# Help



## Someone Nameless (Jul 12, 2009)

I'm trying to replace an Apple cable that I lost in the tornado and I can't find it.  I know we talked about it here.

It charges the ipad or iPhone but it is a long cable.  It has a regular plug that plugs into the wall and then on the end of that is a square box with a usb connector where you connect your regular iPad or iPhone cable.  This makes for a longer charging cable.

Does anyone know what the cable is called or have a link for one?


----------



## kwajkat (Nov 6, 2008)

Isn't it made by Belkin or Kingston?
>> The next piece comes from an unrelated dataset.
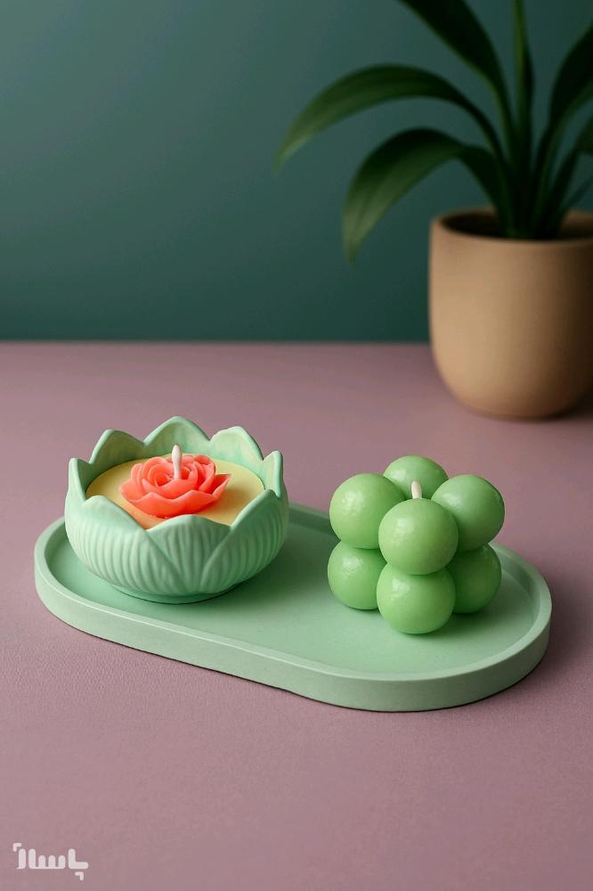سینی و جاشمعی سنگ مصنوعی با شمع روبیک کوچک

I have one but can't remember what brand it is. Try doing a search on amazon or ebay for long cable extender for your device


----------



## Someone Nameless (Jul 12, 2009)

I thought it was an Apple cable. I have searched and searched and couldn't find one.


----------



## Betsy the Quilter (Oct 27, 2008)

It is an Apple cable.  I have one and I'm sure I bought it from the Apple store.  Let me look....

Betsy


----------



## Someone Nameless (Jul 12, 2009)

I thought you did Betsy. Thank you.


----------



## Betsy the Quilter (Oct 27, 2008)

I have it here with me in San Diego.  Tomorrow, when the light is better, I should be able to read the part no.


----------



## Someone Nameless (Jul 12, 2009)

Thank you so much.


----------



## Eeyore (Jul 16, 2009)

Sorry to be late for the conversation. 

Is it this one? Long extension cord that plugs into the wall with the square box on the other end?

http://www.amazon.com/Apple-Power-Adapter-MC359LL-extension/dp/B003HDSCYI/ref=sr_1_5?s=pc&ie=UTF8&qid=1361301978&sr=1-5&keywords=ipad+cable


----------



## Someone Nameless (Jul 12, 2009)

Eeyore said:


> Sorry to be late for the conversation.
> 
> Is it this one? Long extension cord that plugs into the wall with the square box on the other end?
> 
> http://www.amazon.com/Apple-Power-Adapter-MC359LL-extension/dp/B003HDSCYI/ref=sr_1_5?s=pc&ie=UTF8&qid=1361301978&sr=1-5&keywords=ipad+cable


Yes, that is it! Thank you so much!


----------



## mlewis78 (Apr 19, 2009)

http://www.amazon.com/Apple-Charger-Adapter-A1357-MA591G/dp/B003XKRPZC/ref=sr_1_10?s=electronics&ie=UTF8&qid=1361598220&sr=1-10&keywords=ipad+cable

This looks like the one I use with my Ipad2.


----------